Taking the data below, please print only the lines from the line holding "Step inside and" to the line holding "- 材質:黑色啞光牛皮革(藤格紋 Cannage 絎縫);內裡:羊皮革 / 牛皮革", inclusive, with pictures omitted.

INFORMATION SHOWN:
----

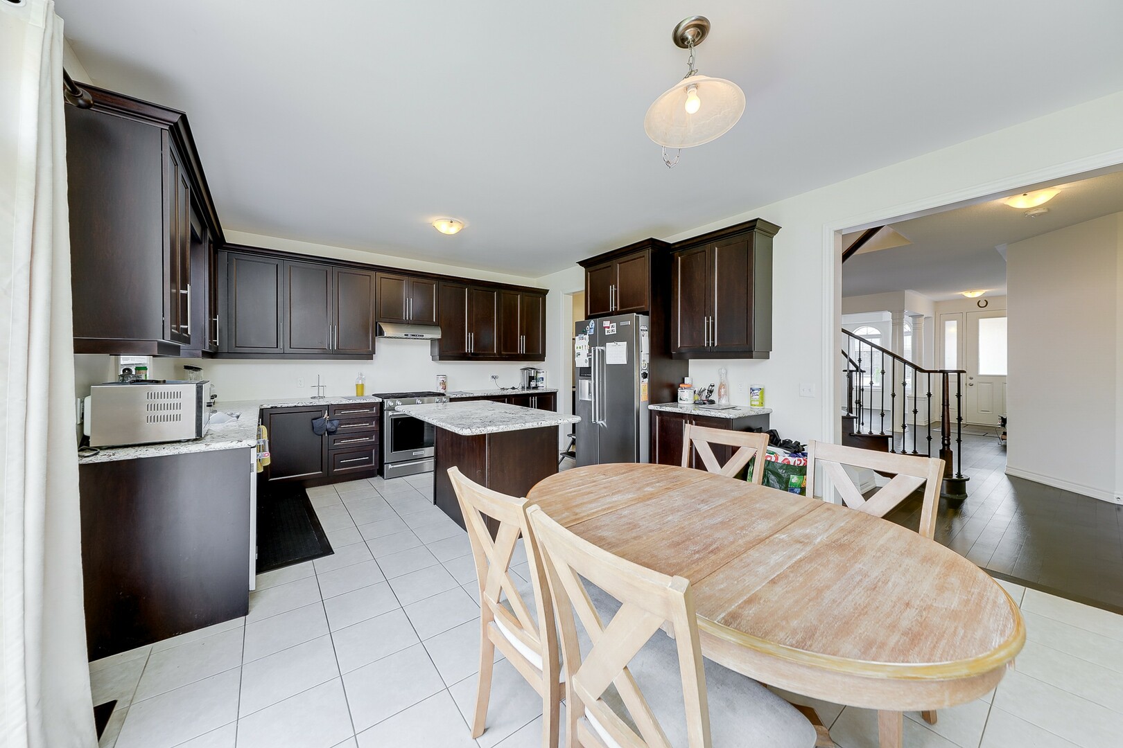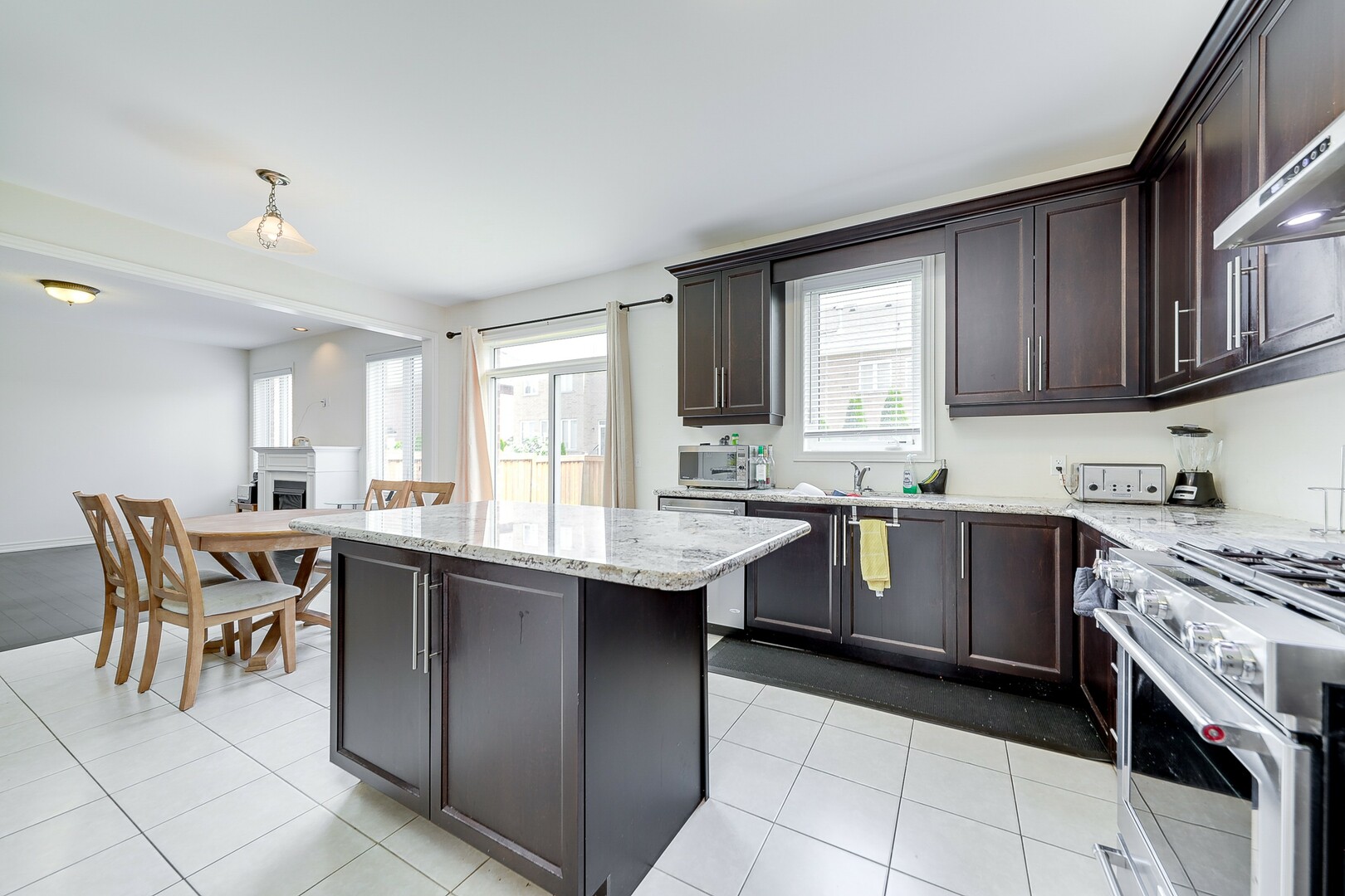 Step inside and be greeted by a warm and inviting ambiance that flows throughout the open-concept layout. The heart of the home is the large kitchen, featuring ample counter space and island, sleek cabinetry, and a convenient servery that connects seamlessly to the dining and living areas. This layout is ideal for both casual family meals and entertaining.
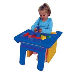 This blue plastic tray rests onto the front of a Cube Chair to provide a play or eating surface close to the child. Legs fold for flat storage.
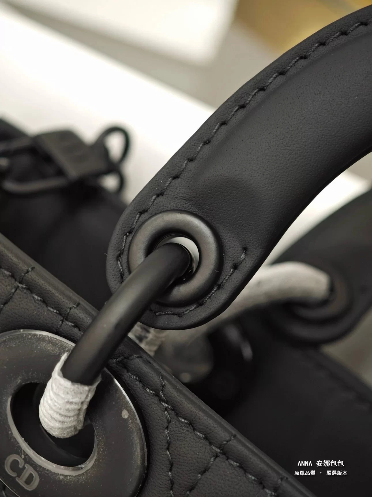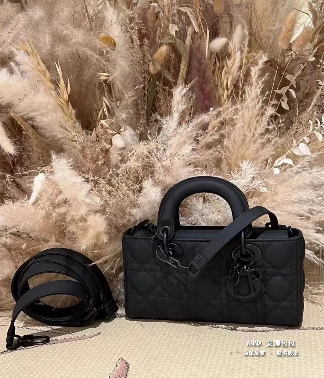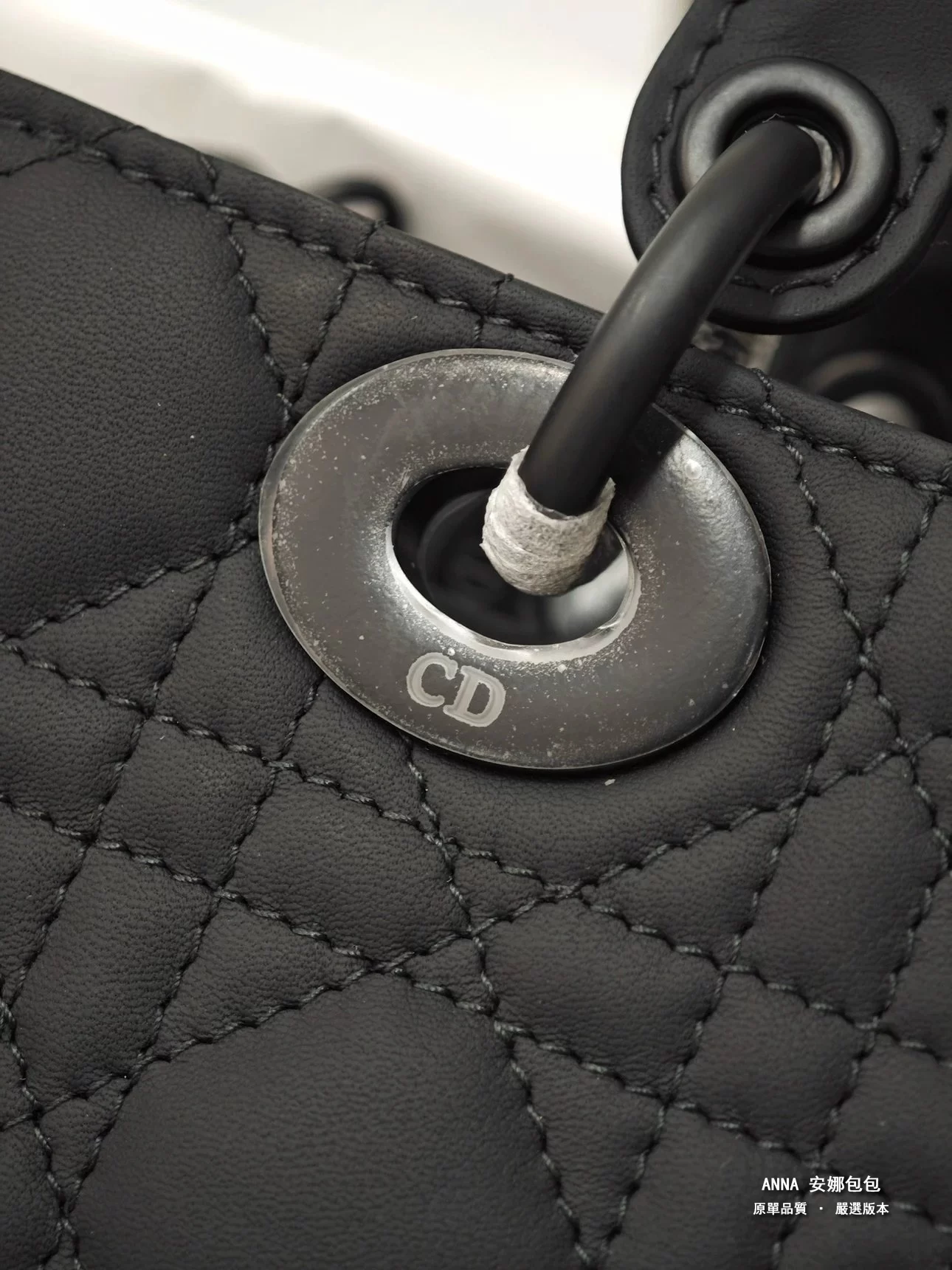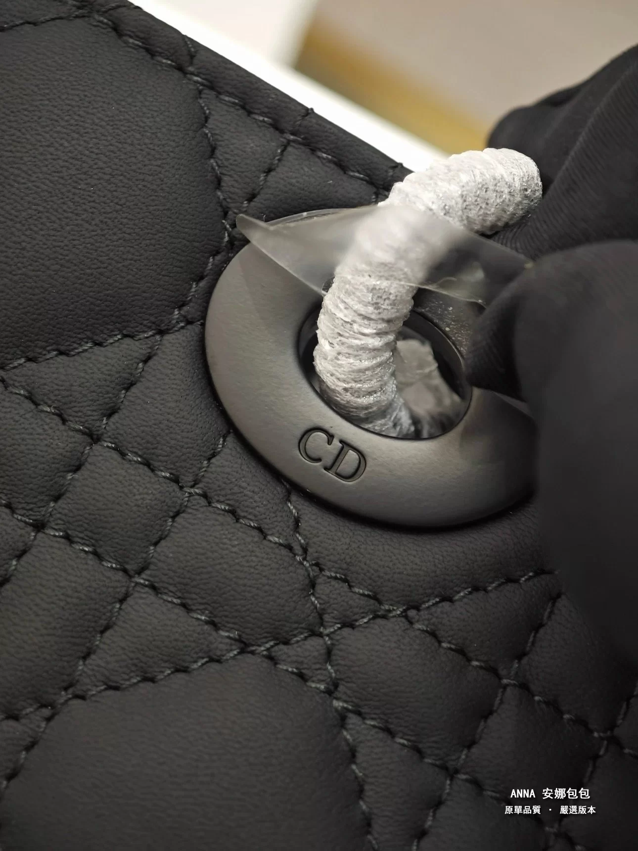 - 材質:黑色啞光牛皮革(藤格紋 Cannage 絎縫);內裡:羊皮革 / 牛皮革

----

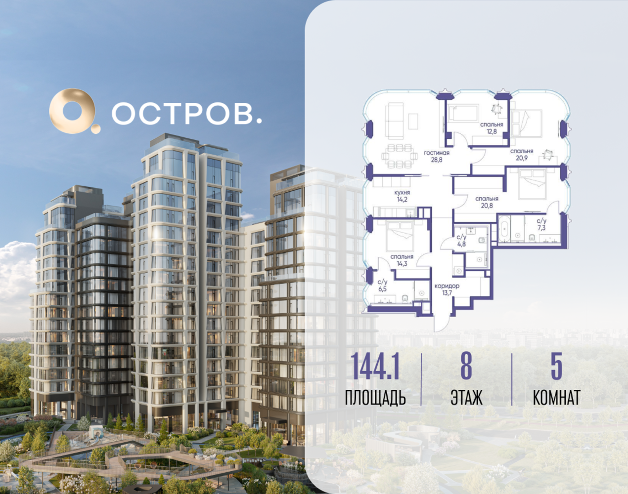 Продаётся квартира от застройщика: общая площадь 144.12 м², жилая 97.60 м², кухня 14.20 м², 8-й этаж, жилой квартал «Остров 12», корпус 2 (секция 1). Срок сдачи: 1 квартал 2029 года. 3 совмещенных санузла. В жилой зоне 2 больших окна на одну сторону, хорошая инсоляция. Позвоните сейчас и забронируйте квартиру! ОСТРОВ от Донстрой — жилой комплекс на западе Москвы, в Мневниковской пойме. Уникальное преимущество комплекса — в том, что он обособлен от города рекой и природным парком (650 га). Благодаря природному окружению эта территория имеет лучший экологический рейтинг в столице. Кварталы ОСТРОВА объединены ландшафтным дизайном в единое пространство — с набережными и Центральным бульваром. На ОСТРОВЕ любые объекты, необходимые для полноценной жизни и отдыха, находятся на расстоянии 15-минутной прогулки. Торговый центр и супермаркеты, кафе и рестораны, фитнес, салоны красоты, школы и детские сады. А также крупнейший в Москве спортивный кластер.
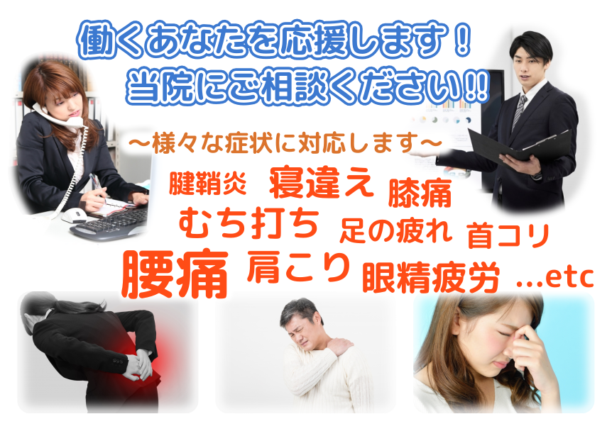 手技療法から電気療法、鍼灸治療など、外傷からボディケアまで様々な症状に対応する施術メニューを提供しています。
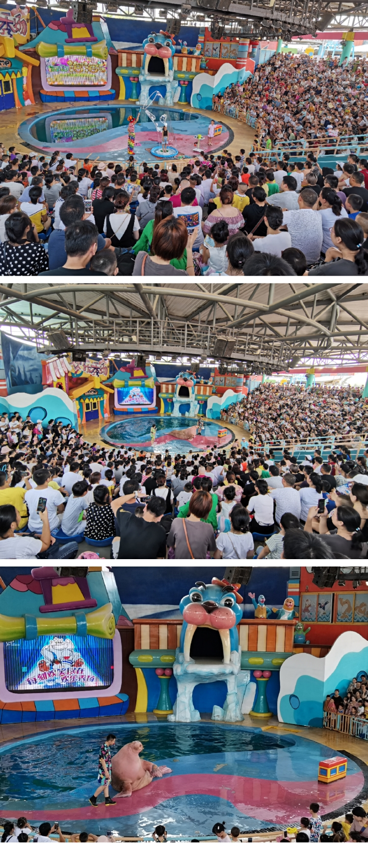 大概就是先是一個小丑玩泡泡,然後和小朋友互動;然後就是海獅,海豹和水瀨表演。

----

EXERCISE RESULT:
 Step inside and be greeted by a warm and inviting ambiance that flows throughout the open-concept layout. The heart of the home is the large kitchen, featuring ample counter space and island, sleek cabinetry, and a convenient servery that connects seamlessly to the dining and living areas. This layout is ideal for both casual family meals and entertaining.
 This blue plastic tray rests onto the front of a Cube Chair to provide a play or eating surface close to the child. Legs fold for flat storage.
 - 材質:黑色啞光牛皮革(藤格紋 Cannage 絎縫);內裡:羊皮革 / 牛皮革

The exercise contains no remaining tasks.